Editorial: L’affaire Pegasus 2.0

The developments of the past few days with regard to the umpteenth iteration of snoopgate — this time to do with a warning from Apple on ‘state sponsored attacks’ carried out on the smartphones of opposition leaders was a prescient throwback to the opening paragraphs of George Orwell’s prescient dystopian nightmare 1984. As we are introduced to our protagonist Winston Smith, we are told that, “There was of course no way of knowing whether you were being watched at any given moment. How often, or on what system, the Thought Police plugged in on any individual wire was guesswork. It was even conceivable that they watched everybody all the time.”

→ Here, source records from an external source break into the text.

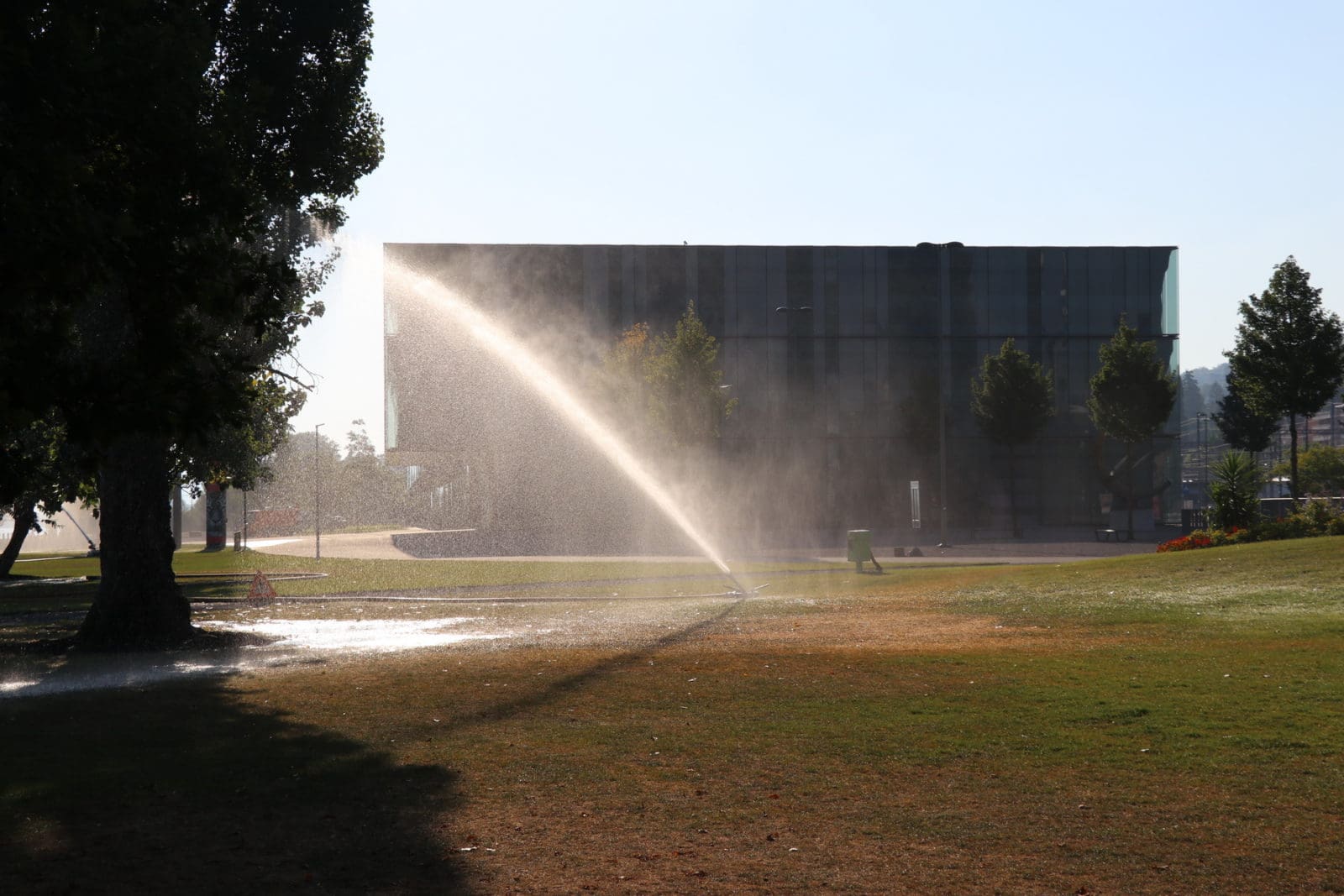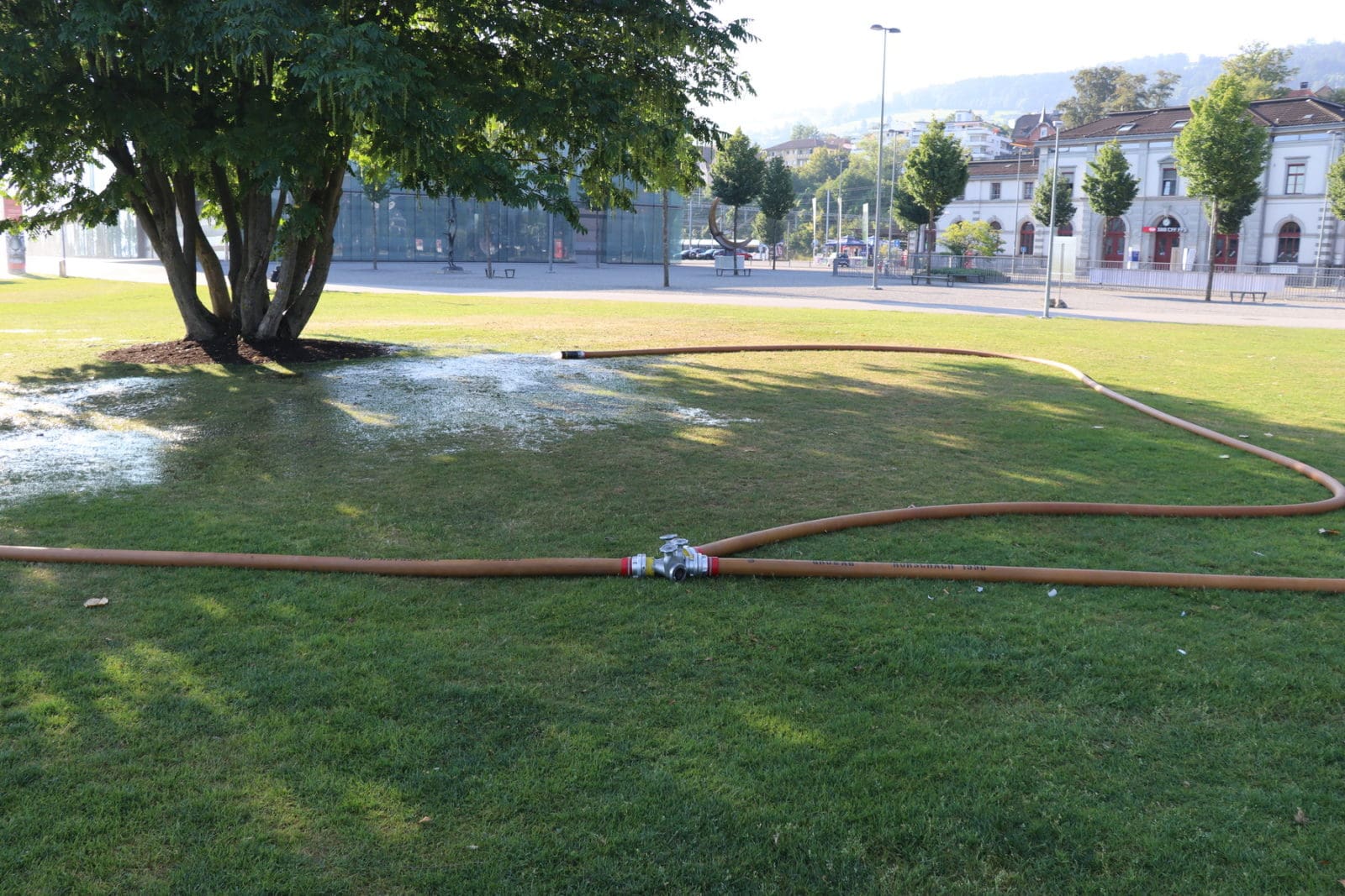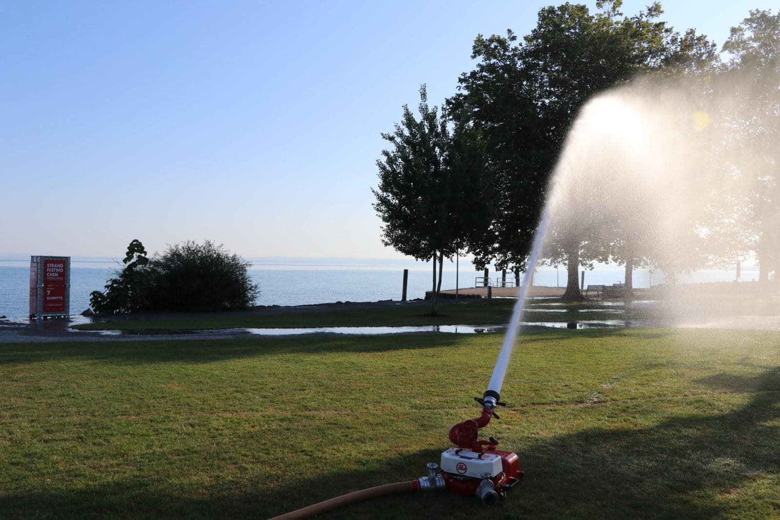 Im wahrsten Sinne des Wortes Hochsommer. Während viele von uns geniessen, ächzt die Natur. Die Bilder unten zeigen, wie die Rasenflächen heute Morgen eifrig genässt wurden. Das dafür benötigte Wasser stammt direkt aus dem Bodensee. Ohne diese Massnahme würde der Rasen schnell verdorren. Ich habe mich bereits in die kühle und verdunkelte Wohnung zurückgezogen. Next time draussen: Rorschach – da isch Musig. Ab 19 Uhr vor 6 Beizen in der Stadt.
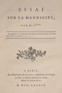 plus rares parus sur ce sujet au moment où la situation des indigents et des mendiants occupa plusieurs débats publics, qui devaient bouleverser l'organisation charitable de la France.
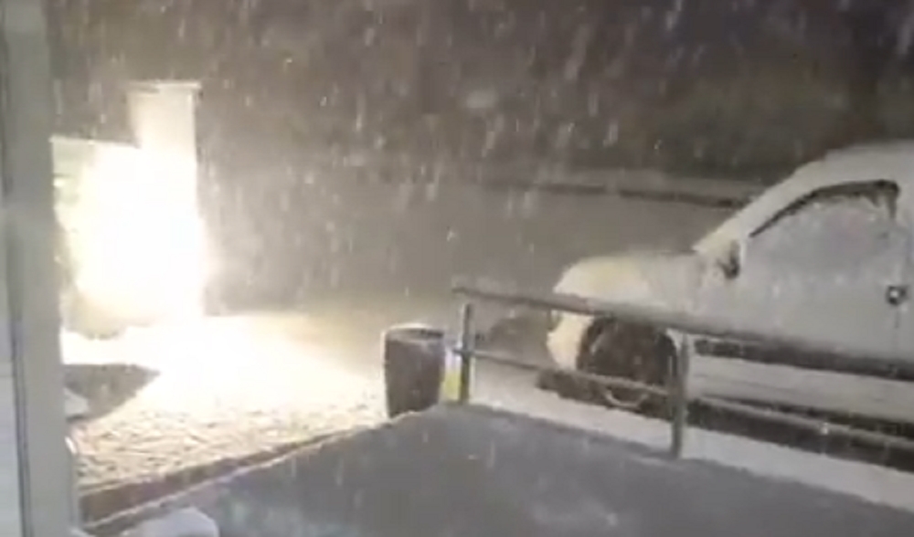Os primeiros flocos apareceram ao final da tarde desta quinta-feira. Daí em diante acelerou e agora está mesmo a acumular por toda a vila.
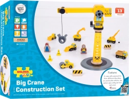Ce kit de construction en bois de qualité, doté d’une grue pivotante et d’un crochet magnétique, offre aux enfants d’innombrables possibilités de jeu. Grâce à sa conception robuste et à des matériaux sûrs, il est idéal pour un usage quotidien et le développement des compétences. La couleur jaune vive des véhicules de chantier attire immédiatement l’attention des enfants.
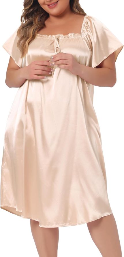 Agnes Orinda Plus Size Satin Silk Nightgown for Women Pleated Loose Sleepwear Nightshirt Sleep Dresses
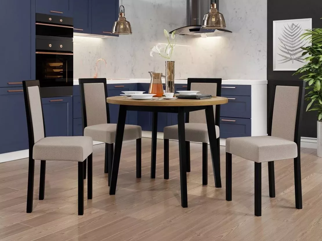 Sestava do jídelny SALUSIA vytváří ideální prostor pro rodinná setkání a společenské chvíle. Kulatý stůl s jedinečnou povrchovou úpravou dodává místnosti charakter a vybízí k pohodlné konverzaci. Čalouněné židle zajistí komfort při každodenním stolování, navíc snadno zapadají do různých stylů interiéru, od klasického po rustikální.
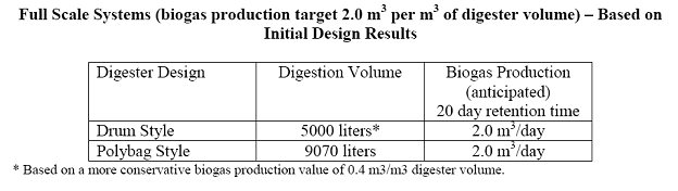 Phase I prototype digesters demonstrated the feasibility of biogas generation, using simple materials such as trash cans, oil drums, and polyethylene bags – a full scale digester, based on prototype biogas production volumes, range from 5000 to 9000 liters, depending on the design implemented (fixed drum or polybag). This digester volume is projected to meet the cooking needs of a typical Ecuadorian family of six, 2m3/day.
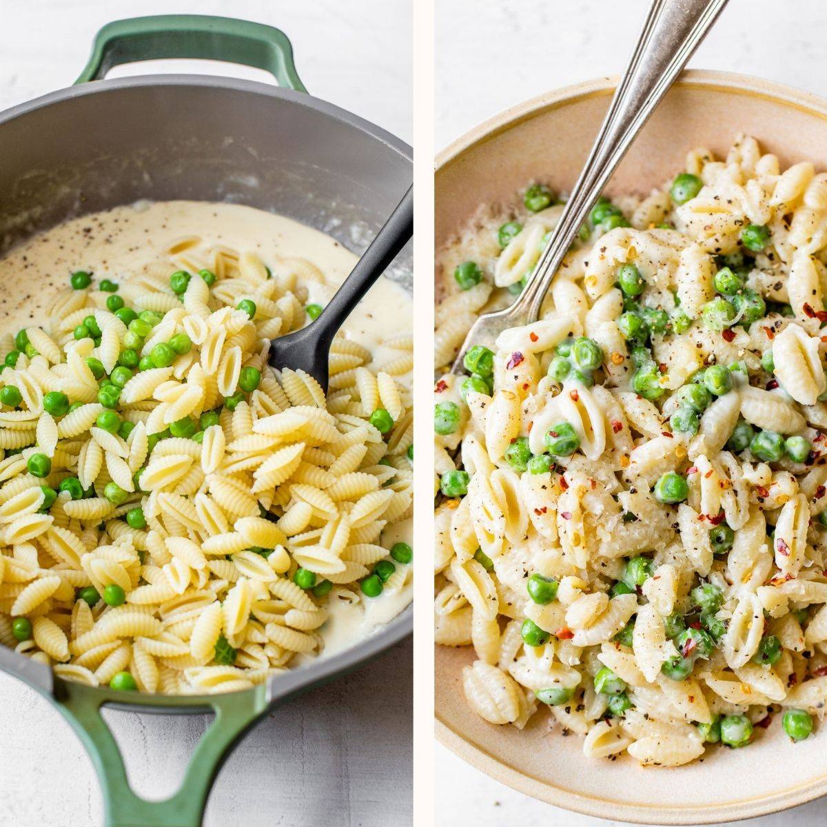 4. Once the cheese has melted, remove the skillet from the heat and add in the cooked pasta and peas. Use a rubber spatula or wooden spoon to stir so that the pasta is completely coated in the sauce. Add salt and pepper to taste (and maybe even some red pepper flakes!) and enjoy.
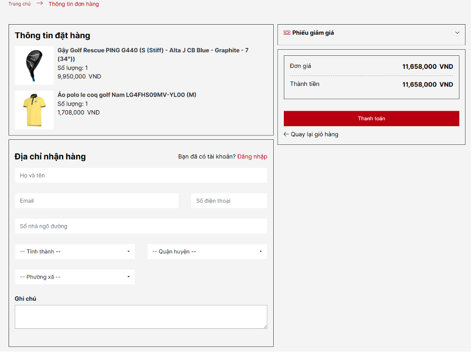 Để mua sắm trên website Alphagolf.vn, người dùng có thể thực hiện đăng ký tạo tài khoản hoặc đăng nhập nếu đã có tài khoản
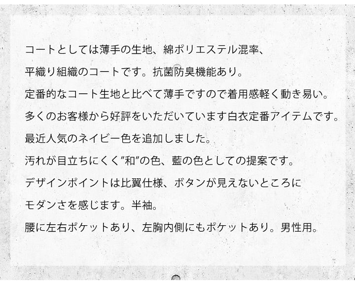 他の画像を見る 定番アイテムの調理着に新色ネイビーが登場。抗菌防臭加工生地使用。 セブンユニフォーム AA312 コート 半袖 男性用 メンズ 抗菌防臭 レストラン 調理用 厨房 白衣 飲食店 本体価格 ¥ 4,180 税込 カートに入れる お気に入りに登録する
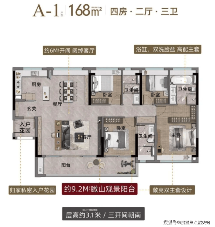主力户型为建面约 97 - 168㎡的三至四房,均南向设计并配备大阳台,采光通风俱佳,是改善型家庭的理想之选。97㎡三房设计精巧,阔开间与宽景阳台营造舒适空间;118㎡四房的入户花园与中西厨房设计,增添生活情趣;142㎡四房的阔境阳台与央座园林景观相得益彰;168㎡四房的阔绰客厅与双主套设计,尽显奢华品质。各户型动静分区合理,空间灵动实用,充分满足改善型购房者对居住品质的追求。
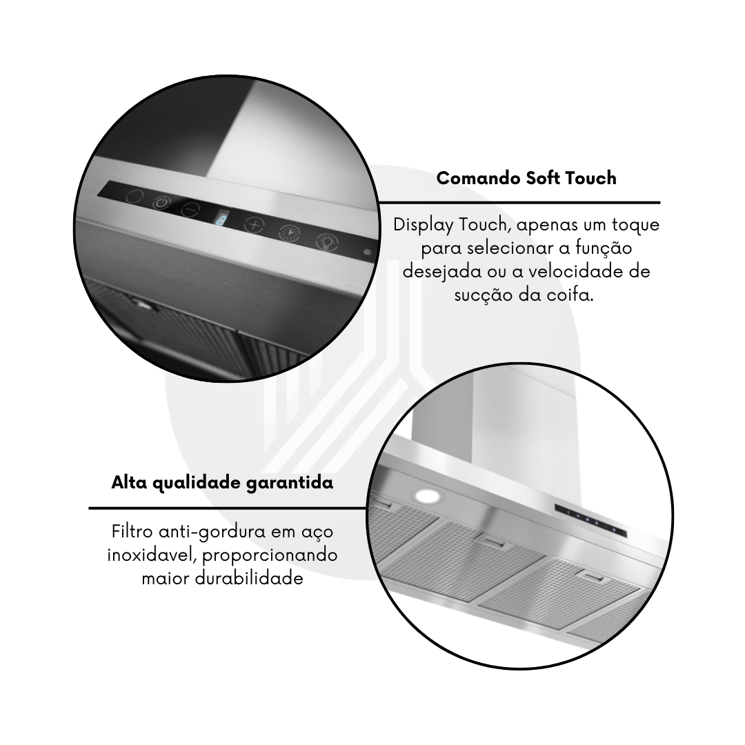 A performance é garantida pela potente vazão de 1.200 m³/h. O controle é facilitado pelo novo Display Digital Touch, que permite selecionar a função desejada com apenas um toque. O modelo oferece total flexibilidade, operando como Depurador (purificando o ar e o devolvendo ao ambiente) ou como Exaustor (retirando o ar sujo). Conta ainda com Função Timer para programação do desligamento automático e uma iluminação em LED potente e econômica, que garante perfeita visibilidade da área de cocção.

Winston’s fears were realised by his antecedents like Congress chief Mallikarjun Kharge, and party leaders like Shashi Tharoor, Pawan Khera, KC Venugopal, TMC MP Mahua Moitra and some aides of Rahul Gandhi who received a notification warning them of targeted attacks on their iPhones, aimed at hacking their devices. IT Minister Ashwini Vaishnaw rejected these claims, assuring that a thorough probe would be initiated. Apple, on its end, said it does not attribute the threat notifications to any specific State-sponsored attackers and that it cannot provide data on what causes such alerts. For all we know, it could be a false alarm.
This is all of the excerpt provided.